Danser à la Lughnasa de Brian Friel, mise en scène de Gaëlle Bourgeois
Danser à la Lughnasa, texte français d’Alain Delahaye, mis en scène de Gaëlle Bourgeois
Brian Friel (1929-2015) a eu une longue carrière d’écrivain (1929-2015). Cette pièce devenue culte, créée à Dublin (1990) puis à New York, puis en France, notamment dans la mise en scène de Didier Long, il y a quelques années avec Lena Breban, Alexandre Zambeaux et Lou de Lâage…
Cela se passe à l’été 1936 à Ballybeg, un village irlandais. Il y a un narrateur Michael Evans qui se souvient -il avait sept ans- avoir passé un mois d’août dans la maison de ses tantes. Les cinq sœurs, toutes célibataires: Kate, Maggie, Agnès, Rosie et Christina Mundy habitent une grande maison à la périphérie de la petite ville. Kate, la plus âgée, est institutrice: ce qui n’est pas rien dans ce monde rural pauvre car même sans doute peu payée, elle est la seule à rapporter un vrai salaire à la maison. Agnès et Rose, elles, gagnent un peu d’argent en se fatiguant à tricoter des gants qui seront vendus en ville. Maggie, elle, s’occupe de la maison, mais, comme Christina qui élève seule son enfant Michael, elle ne gagne rien. De temps en temps mais rarement et sans jamais prévenir, apparaît Gerry, le père de Michael, une sorte de vagabond charmant, soi-disant spécialiste et vendeur de postes de radio, en fait un doux rêveur fauché promettant sans cesse des cadeaux qu’il ne fera jamais… Il a déjà une femme et des enfants au Pays de Galles mais pas gêné, propose le mariage à Christina et lui annonce qu’il va s’engager dans les Brigades Internationales en Espagne pour lutter contre Franco…
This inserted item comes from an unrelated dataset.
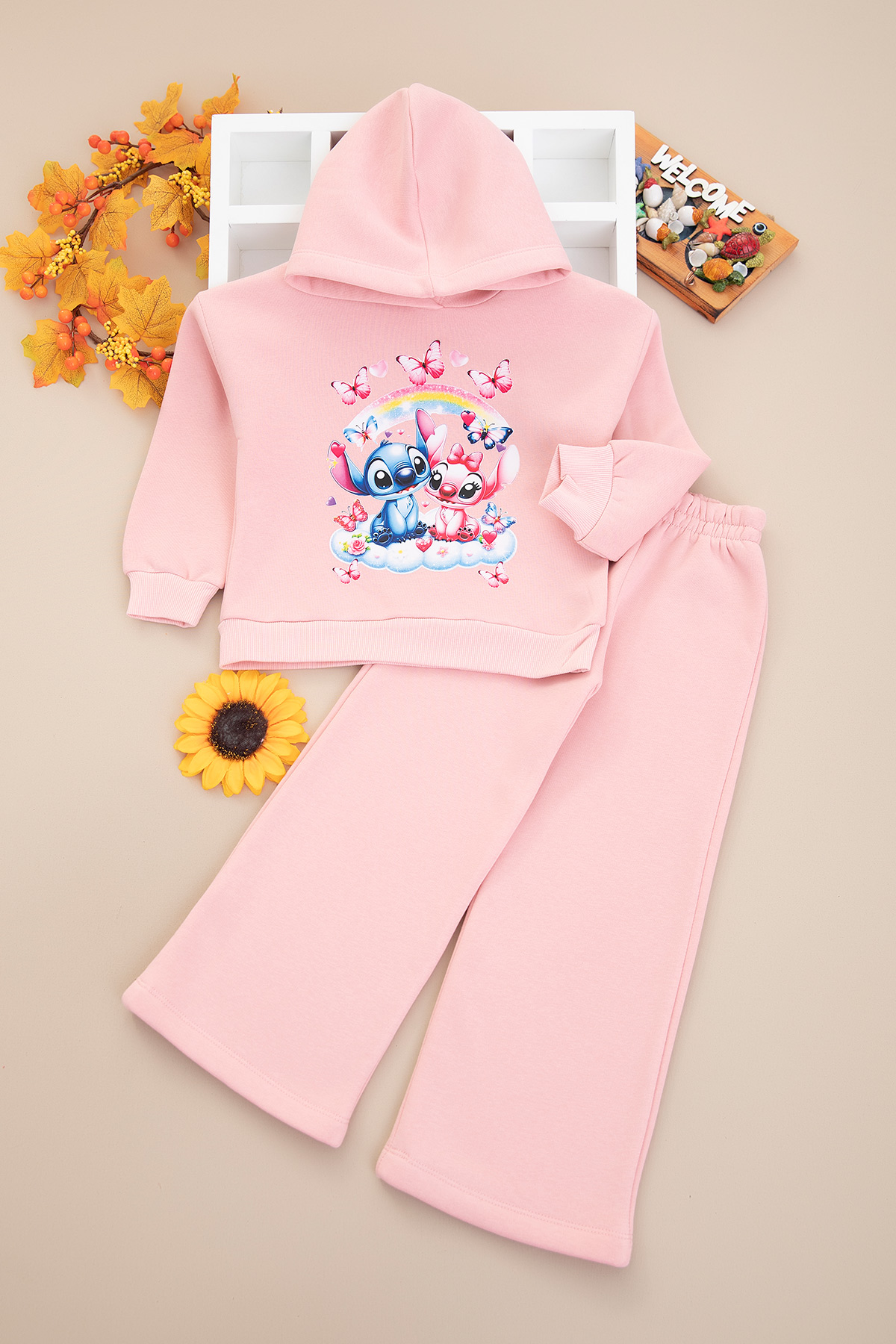 Kız Çocuk Stitch Baskılı Üçip Takım - 6239 (5-8 Yaş)

Il y aussi dans cette curieuse tribu féminine, l’oncle Jack, de retour en Irlande, après avoir été prêtre vingt-cinq ans en Ouganda dans une léproserie. Un peu déboussolé, il repense souvent aux habitants de ce pays devenu le sien mais il a des crises de paludisme et peine à se souvenir du prénom de ses nièces. Michael, lui, découvre que ce monde rural déjà fragile va s’écrouler, quand arrivera la révolution industrielle et que ses tantes et sa mère à la fois solides ne sont pas aimées dans ce village et qu’elles n’ont aucun espoir de trouver un jour une vie meilleure… Nourriture très chiche, aucune vie sexuelle ou sentimentale, aucune distraction que la musique d’un poste de radio un peu détraqué, mais un trésor familial… Reste la danse près du vieux poste ou mieux à la Lughnasa, la fête annuelle du village. « Danser comme si le cœur même de la vie et toutes ses espérances étaient contenus dans ces notes apaisantes et ces rythmes chuchotés, ces mouvements silencieux et hypnotiques. » Bref, elles survivent comme elles peuvent avec un courage indéniable mais Kate va perdre son poste d’enseignante: le début de la catastrophe pour cette famille et une fabrique industrielle de gants s’est ouverte: une autre catastrophe car Agnès et Rose ne pourront plus gagner le peu d’argent qu’elles tiraient de leur tricotage… On ne verra pas la fin, juste racontée avec pudeur et tristesse, de cette époque et d’une tribu qui, malgré la disparition des parents et les épreuves, était restée à jamais soudée. Mais Maggie et Rose finiront par quitter la maison…
On sent que Gaëlle Bourgeois a une passion pour cette formidable pièce et elle dirige bien ses acteurs qui sont tous crédibles. Mention spéciale à Emilie Chesnais, très solide et très juste dans le rôle pas facile de Maggie… Mieux vaut oublier la scénographie approximative en cercle avec des objets et outils de la vie rurale : une brouette en bois, des bassines en zinc, quelque chaises et une couche de granulés marron sans doute pour figurer la terre. Cela ne favorise en rien le déplacement des acteurs. Et le rythme gagnerait à être plus rapide mais bon, Gaëlle Bourgeois sait rendre avec intelligence et sensibilité toute la poésie de Brian Friel. Et elle peut encore améliorer les choses. En tout cas, une bonne occasion de pénétrer dans l’univers du dramaturge irlandais auquel on ne peut être insensible… Du vrai et bon théâtre.
Philippe du Vignal
Jusqu’au 13 octobre, Théâtre 13/Jardin, 103 A, boulevard Auguste Blanqui, Paris (XIII ème). T: 01 45 88 16 30.
La pièce est publiée en anglais aux éditions Faber and Faber et en français à l’Avant-Scène Théâtre Editions Quatre Vents.